As recent history has already definitively shown, vaccine development is a textbook case of a public good that the free market simply cannot efficiently provide — and, when it comes to a coronavirus vaccine in the United States, that failure is already beginning to play out again. As a recent New York Times article noted in regards to a promising vaccine collaboration coming out of the United Kingdom: “The team has not yet reached an agreement with a North American manufacturer, in part because the major pharmaceutical companies there typically demand exclusive worldwide rights before investing in a potential medicine.”

Second, any vaccine developed in the public sector could be licensed through a global pool or developed and marketed without patents altogether, eliminating the monopoly rights pharmaceutical manufacturers enjoy in the United States. Providing one manufacturer exclusive rights to a COVID-19 vaccine could be devastating for millions worldwide, as it would take any one supplier many years to meet demand. In the meantime, entire swaths of the globe would be unable to afford sufficient vaccine supplies from for-profit manufacturers — even if they sold those supplies at cost.
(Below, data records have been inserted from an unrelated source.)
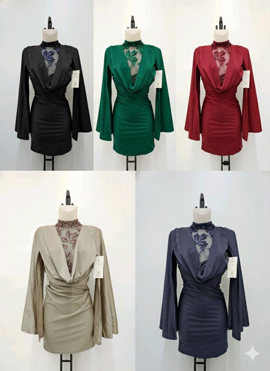 Vestido corto de fiesta con cuello alto bordado y aplicaciones brillantes sobre tul transparente, creando un efecto elegante y sofisticado. Lleva un escote drapeado que cae suavemente por delante y mangas tipo capa que aportan movimiento y un toque de drama. El tejido es elástico, se adapta al cuerpo y realza la figura sin perder comodidad. Ideal para eventos, cenas especiales, Navidad o cualquier ocasión donde quieras destacar.
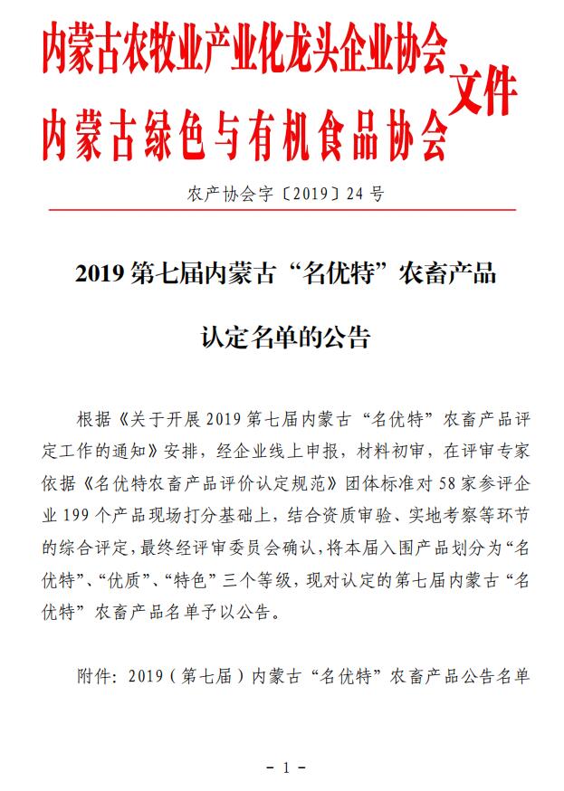 2019年(第七屆)內蒙古“名優(yōu)特”農畜產(chǎn)品認定公告名單
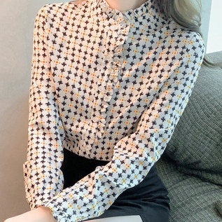 トップス ブラウス シャツ 花柄 フリル 長袖 レディース きれいめ 上品 エレガント レトロ アンティーク ヴィンテージ 大きめ 大きいサイズ S М L XL 2XL お洒落 オシャレ かわいい 大人可愛い 20代 30代 40代 50代 60代 ОL 通勤 仕事 オフィス カジュアル 春 秋 夏 冬

But eliminating monopoly rights would ensure that every vaccine developed with public funds would be available to all at a reasonable cost, ensuring the timely and equitable access necessary for coherent public health interventions — especially with COVID-19, when time is so clearly of the essence.

Finally, rather than waiting to build production facilities from scratch after a proven vaccine is developed, nationalizing vaccine development would allow us to scale up the existing infrastructure of the American vaccine industry by pooling the existing resources of organizations that would not normally cooperate at all. Only nationalization would allow for the sort of high-level coordination required to meet the challenge of a pandemic like COVID-19, leveraging the full capacity of the sector to meet the most pressing public health needs, rather than shareholders’ desires for quick returns.

Taking the few remaining vaccine producers into public ownership could also hasten the transition to a full public option in pharmaceuticals — which we badly need in the long term to ensure public health-oriented innovation and long-term access to medicines in the U.S. and beyond.

But in the short term, it is clear that only a robust, nationalized program of vaccine development and production can meet the challenge of rapidly inoculating our population against a threat like COVID-19.